In a recent paper published in Europhysics News four respected physicists struggled to understand why and how the unprecedented structural failures of the World Trade Centre towers on 9/11 occurred other than through a controlled demolition. George Bush was facing an election. Subsequent fears for national security rallied support for the status quo and helped ensure victory. For an insight into how fear industries control and manage swathes of the population, watch the 2004 film ‘The Village’.

And yet rather than acknowledge how modern PR can work, the media denounces anyone questioning the authenticity of their version of news as a conspiracy theorist, a loony left peddler of lies, a fringe fanatic.

It has been suggested that perhaps the biggest fake marketing stunt of all time was the moon landing. Let’s look at the evidence. Teams of PRs and marketing people were hired by NASA for a national awareness campaign. On 20 July, 1969 at 20:18 UTC, 94% of all Americans turned on their TVs and were led to believe Apollo 11’s lunar module Eagle landed on the moon. Bill Clinton in his 2004 autobiography ‘My Life’ recounts how an old carpenter had told him he didn’t believe in the moon landing for a minute and that “them television fellers” could “make things look real that weren’t”. He said he wondered - once he’d been in power for eight years in Washington - whether the old man hadn’t been ahead of his time.

We’re supposed to believe that back in 1969 we could just pop out to the moon like popping round to the corner shop and yet, nearly 50 years later, Sir Richard Branson is still struggling with his childhood dream to take tourists into space. Or could it just have been a ‘Big Swinging Dick’ attempt - all orchestrated from a Hollywood sound stage - to outdo Russia at the height of the Cold War and convince America that spending four per cent of the national budget on NASA’s space programme was a good idea?
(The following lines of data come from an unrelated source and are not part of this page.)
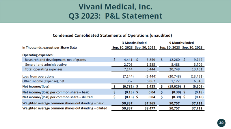 Vivani Medical, Inc. Q3 2023: P&L Statement 30 In Thousands, except per Share Data Sep. 30, 2023 Sep. 30, 2022 Sep. 30, 2023 Sep. 30, 2023 Operating expenses: Research and development, net of grants 4,441$ 3,859$ 12,260$ 9,742$ General and administrative 2,703 1,585 8,488 3,709 Total operating expenses 7,144 5,444 20,748 13,451 Loss from operations (7,144) (5,444) (20,748) (13,451) Other income (expense), net 362 6,867 1,122 6,846 Net income/(loss) (6,782)$ 1,423$ (19,626)$ (6,605)$ Net income/(loss) per common share – basic (0.13)$ 0.04$ (0.39)$ (0.18)$ Net income/(loss) per common share – diluted (0.13)$ 0.04$ (0.39)$ (0.18)$ Weighted average common shares outstanding – basic 50,837 37,965 50,757 37,712 Weighted average common shares outstanding – diluted 50,837 38,477 50,757 37,712 3 Months Ended 9 Months Ended Condensed Consolidated Statements of Operations (unaudited)
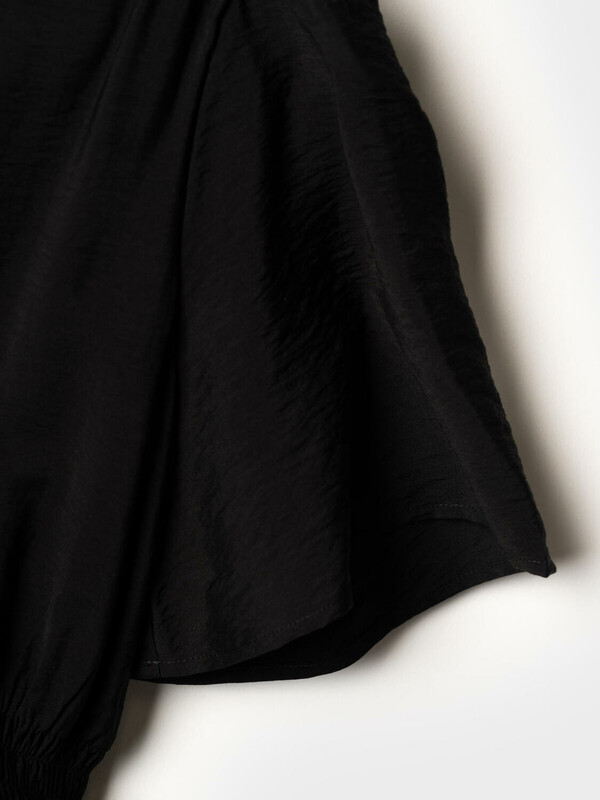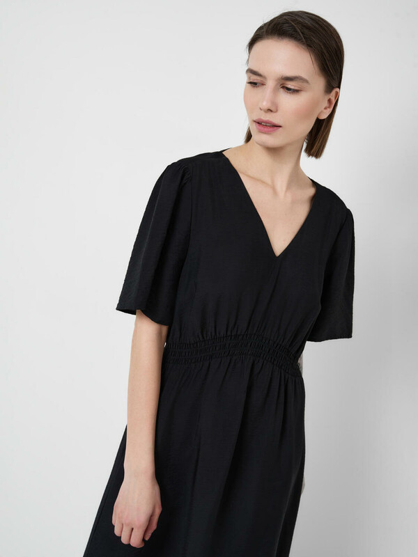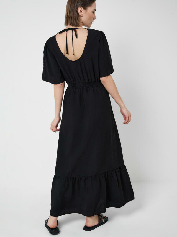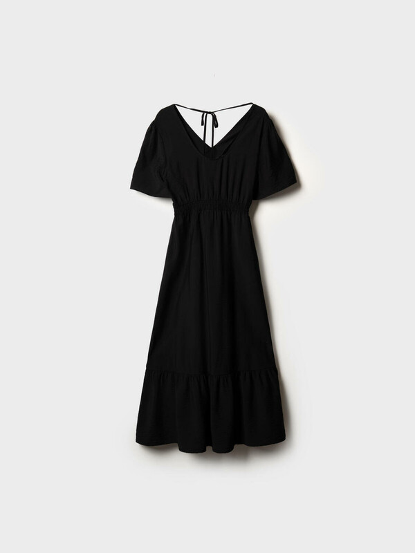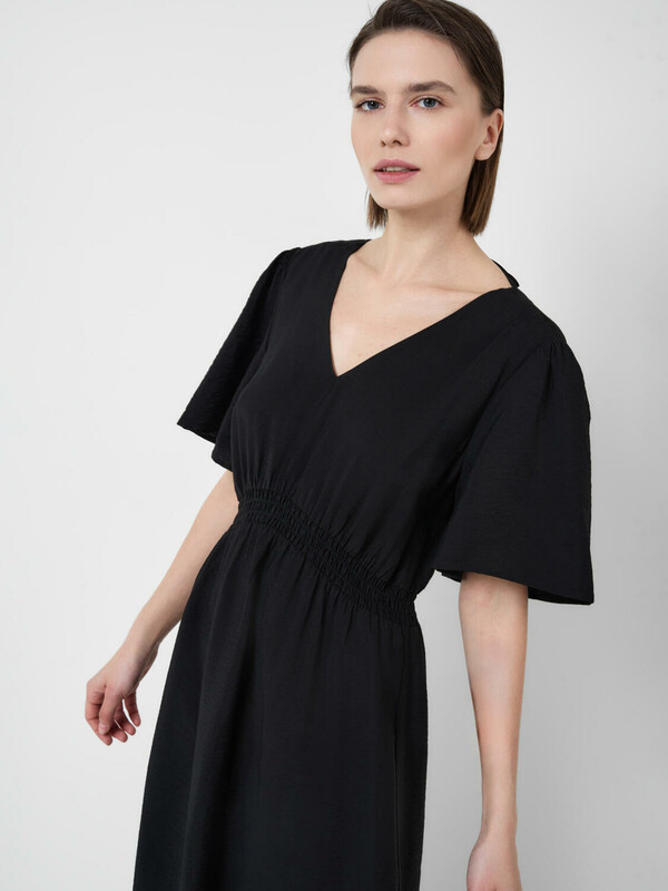 Женское летнее платье миди. Материал — лёгкая вискозная ткань. V-образный вырез спереди и сзади, на спинке предусмотрена декоративная завязка. В талии вшита внутренняя резинка, что обеспечивает комфортную посадку. По низу изделия расположен широкий волан, придающий образу лёгкость и женственность.
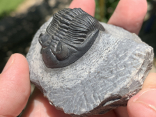 The matrix is 3”x 2 1/2” and the trilobite is 1 5/8” long .
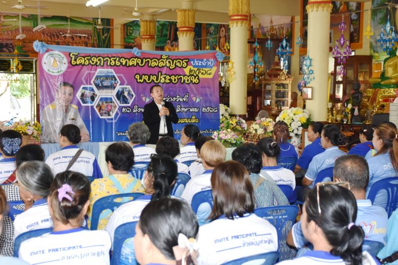 รายละเอียด : วันที่ 27 สิงหาคม 2568 เวลา 09.30 น. นายตรีเนตร แก้วสิมมา นายกเทศมนตรีตำบลสมเด็จ พร้อมด้วยคณะผู้บริหาร สมาชิกสภาเทศบาล และพนักงานเทศบาลได้ลงพื้นที่ เพื่อรับฟังปัญหาความเดือดร้อนของประชาชนชุมชนหมู่ที่ 2 หมู่ที่ 4 และหมู่ที่ 6 ในโครงการเทศบาลสัญจรพบประชาชน ประจำปีงบประมาณ 2568 ณ วัดสี่แยกสมเด็จ เพื่อเป็นการส่งเสริมการมีส่วนร่วมของประชาชนในการพัฒนาท้องถิ่น สามารถแก้ไขปัญหาได้ตรงจุด และทันท่วงที ภายในงานได้มีการให้บริการต่างๆ ของหน่วยงานในเทศบาล อาทิ บริการฉีดวัคซีนป้องกันโรคพิษสุนัขบ้า ให้สุนัขและแมว, บริการให้คำปรึกษาด้านกฎหมาย ,รับเรื่องราวร้องทุกข์ ,รับชำระภาษีประเภทต่างๆ , รับลงทะเบียนเบี้ยยังชีพผู้สูงอายุ,ผู้พิการ,เด็กแรกเกิด,การรับสมัครสมาชิกกองทุนวันละบาท ,การรับชำระเงินกลุ่มสงเคราะห์เทศบาลตำบลสมเด็จ ,บริการตัดผมฟรี ,สอนวิธีการพับดอกไม้ขากใบเตย

Today the likes of Wikileaks and the internet ensure that nothing is ever covered up for long. Big data is now free to access for anyone who cares to look.
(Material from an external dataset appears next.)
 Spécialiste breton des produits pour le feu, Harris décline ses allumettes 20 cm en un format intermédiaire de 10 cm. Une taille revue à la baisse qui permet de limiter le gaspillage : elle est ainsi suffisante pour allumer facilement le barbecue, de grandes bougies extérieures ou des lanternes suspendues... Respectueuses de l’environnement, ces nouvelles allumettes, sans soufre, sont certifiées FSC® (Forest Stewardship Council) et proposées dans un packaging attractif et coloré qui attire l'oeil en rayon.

We believe the key these days is to question everything - but the truth is a lonely place. People prefer to pull the wool over their own eyes, lapping up stories that support their own prejudices and feed their fears.

Titillation, novelty, fakery, manufactured dissent and the culture of distraction reign supreme and are rampant within the PR industry, but let’s not confuse fake news and outright lies with spin.

To our mind, spin is an exaggeration of the truth or perhaps bias by omission. With spin, the truth is always in there.